### Exercise brief
Reproduce every line of the data, exactly and without its pictures.

### Provided material
▼

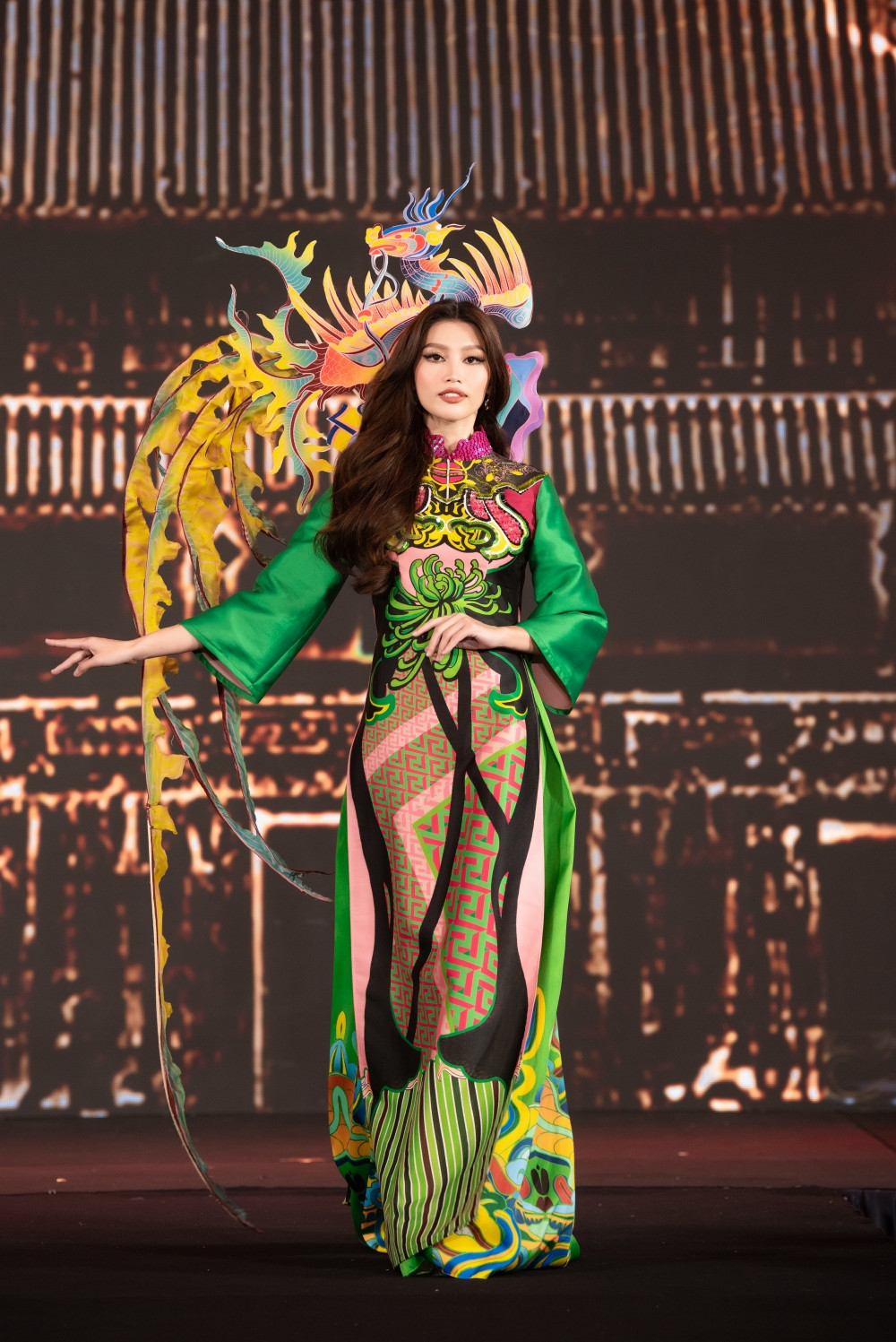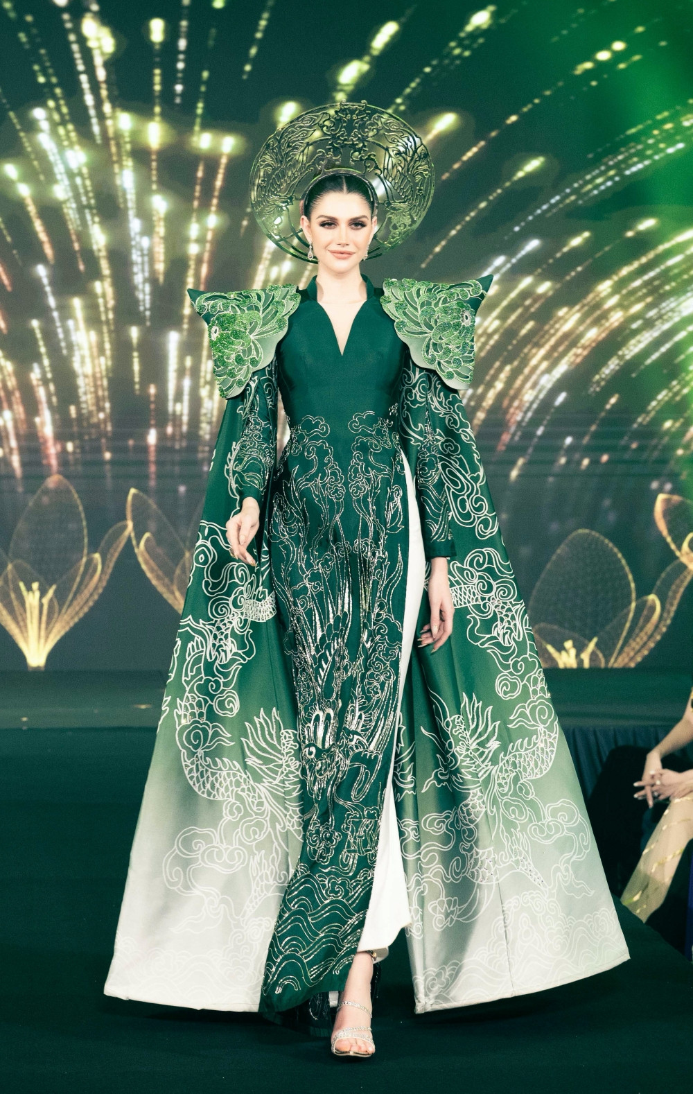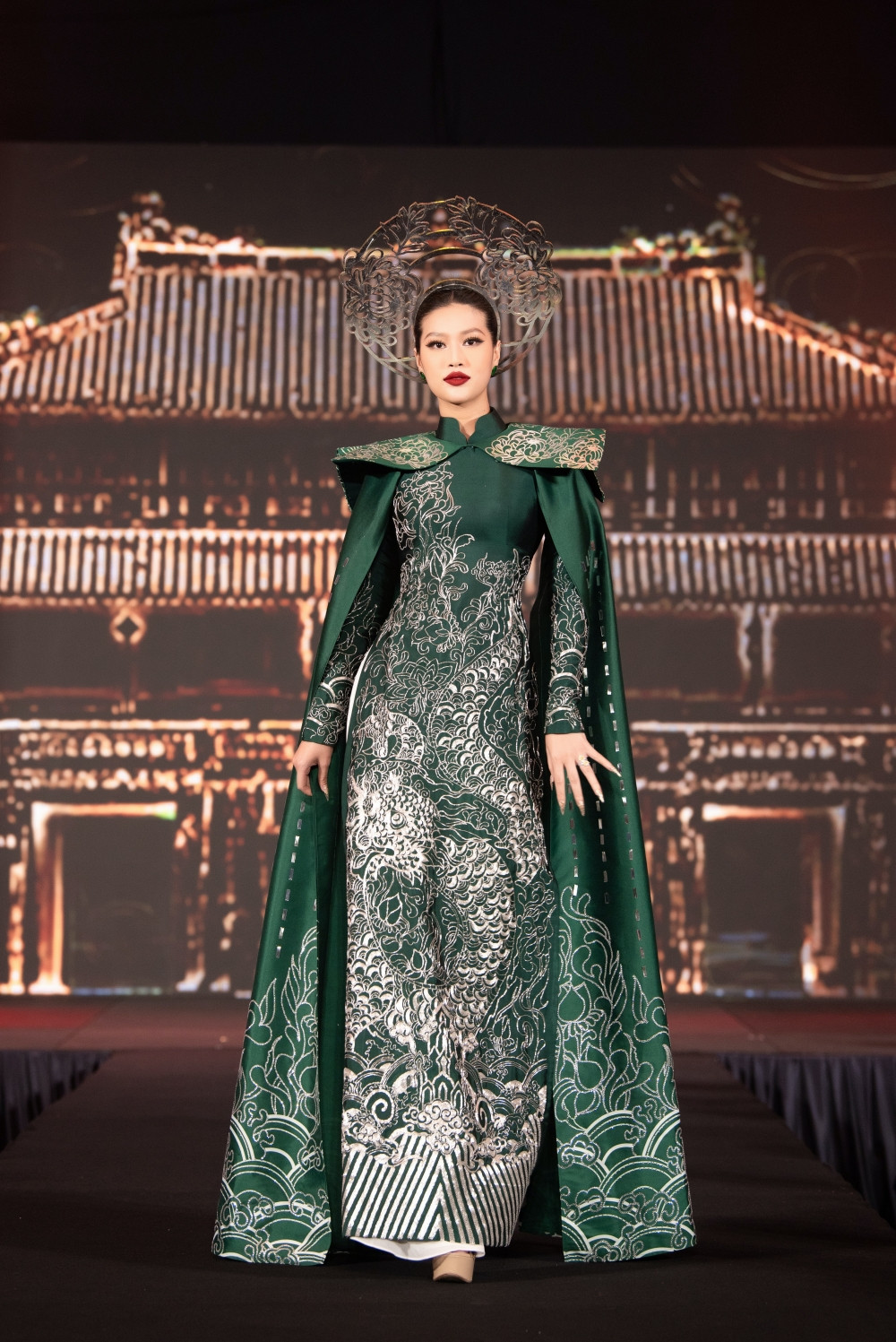 Cũng trong show diễn này, Miss Grand Vietnam 2022 Đoàn Thiên Ân mở màn với chiếc áo dài màu xanh, chất liệu lụa tơ tằm, gấm, nhung được thêu và đính kết tỉ mỉ.
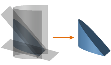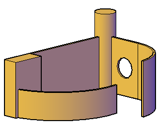 使用 SURFSCULPT 命令将完全封闭体积的一组曲面转换为三维实体。在下图中,一条拉伸圆弧与两个平面曲面相交,从而围成一个“无间隙”体积。
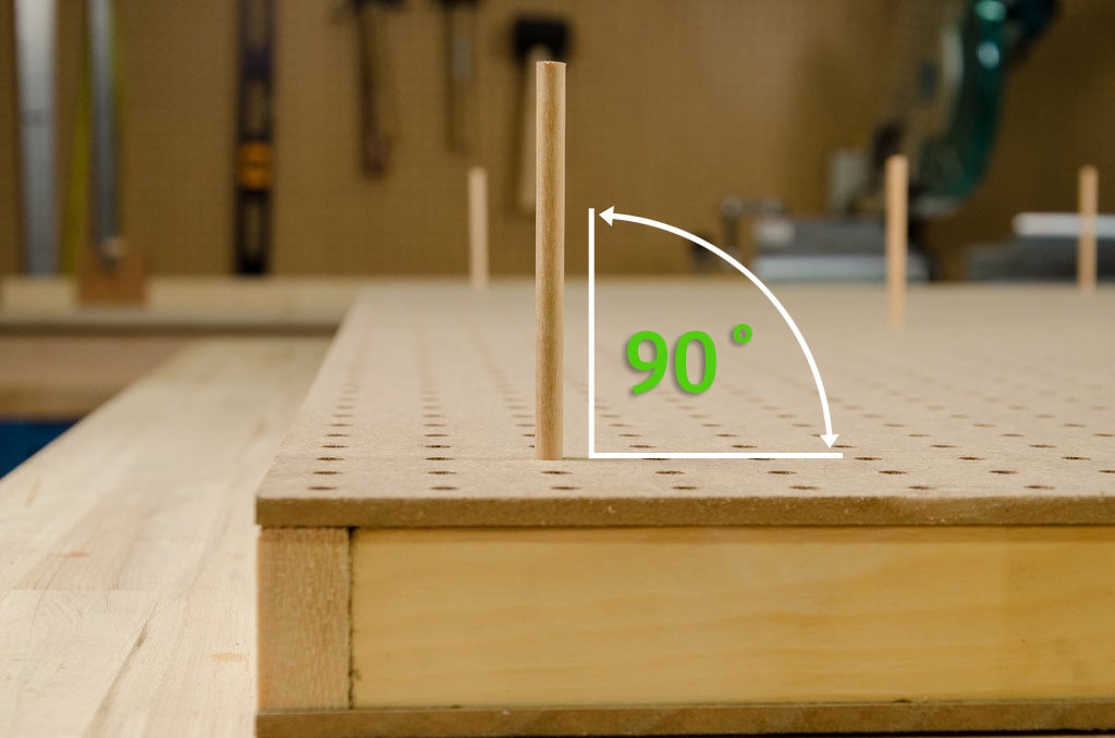 - Stick dowels through both sets of holes, and visually check that they are vertical. Often, fixing a dowel in one spot will make others lean; keep adjusting until they are all as close to vertical as you can get. It doesn't have to be perfect, close is good enough.
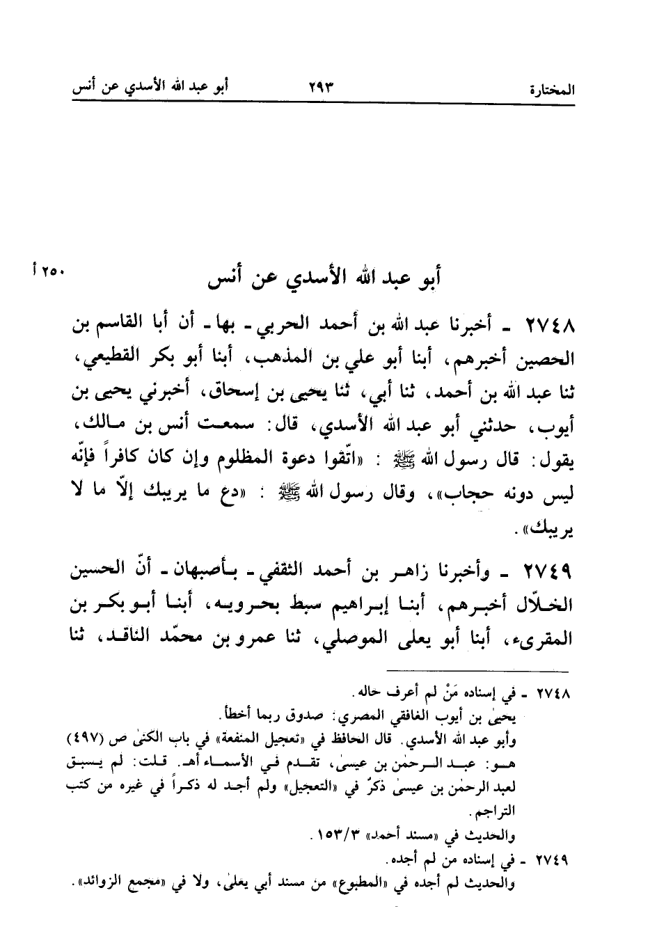 ٢٧٤٧ - أَخْبَرَنَا عَبْدُ اللهِ بْنُ أَحْمَدَ الْحَرْبِيُّ - بِهَا - أَنَّ أَبَا الْقَاسِمِ بْنَ الْحُصَيْنِ أَخْبَرَهُمْ، أَبْنَا أَبُو عَلِيِّ بْنُ الْمُذْهِبِ، أَبْنَا أَبُو بَكْرٍ الْقَطِيعِيُّ، ثَنَا عَبْدُ اللهِ بْنُ أَحْمَدَ، ثَنَا أَبِي، ثَنَا يَحْيَى بْنُ إِسْحَاقَ، أَخْبَرَنِي يَحْيَى بْنُ أَيُّوبَ، حَدَّثَنِي أَبُو عَبْدِ اللهِ الْأَسَدِيُّ، قَالَ: سَمِعْتُ أَنَسَ بْنَ مَالِكٍ يَقُولُ: قَالَ رَسُولُ اللهِ صَلَّى اللهُ عَلَيْهِ وَسَلَّمَ: «اتَّقُوا دَعْوَةَ الْمَظْلُومِ وَإِنْ كَانَ كَافِرًا، فَإِنَّهُ لَيْسَ دُونَهُ حِجَابٌ.»،

▲

### Response to this task
 Cũng trong show diễn này, Miss Grand Vietnam 2022 Đoàn Thiên Ân mở màn với chiếc áo dài màu xanh, chất liệu lụa tơ tằm, gấm, nhung được thêu và đính kết tỉ mỉ.
 使用 SURFSCULPT 命令将完全封闭体积的一组曲面转换为三维实体。在下图中,一条拉伸圆弧与两个平面曲面相交,从而围成一个“无间隙”体积。
 - Stick dowels through both sets of holes, and visually check that they are vertical. Often, fixing a dowel in one spot will make others lean; keep adjusting until they are all as close to vertical as you can get. It doesn't have to be perfect, close is good enough.
 ٢٧٤٧ - أَخْبَرَنَا عَبْدُ اللهِ بْنُ أَحْمَدَ الْحَرْبِيُّ - بِهَا - أَنَّ أَبَا الْقَاسِمِ بْنَ الْحُصَيْنِ أَخْبَرَهُمْ، أَبْنَا أَبُو عَلِيِّ بْنُ الْمُذْهِبِ، أَبْنَا أَبُو بَكْرٍ الْقَطِيعِيُّ، ثَنَا عَبْدُ اللهِ بْنُ أَحْمَدَ، ثَنَا أَبِي، ثَنَا يَحْيَى بْنُ إِسْحَاقَ، أَخْبَرَنِي يَحْيَى بْنُ أَيُّوبَ، حَدَّثَنِي أَبُو عَبْدِ اللهِ الْأَسَدِيُّ، قَالَ: سَمِعْتُ أَنَسَ بْنَ مَالِكٍ يَقُولُ: قَالَ رَسُولُ اللهِ صَلَّى اللهُ عَلَيْهِ وَسَلَّمَ: «اتَّقُوا دَعْوَةَ الْمَظْلُومِ وَإِنْ كَانَ كَافِرًا، فَإِنَّهُ لَيْسَ دُونَهُ حِجَابٌ.»،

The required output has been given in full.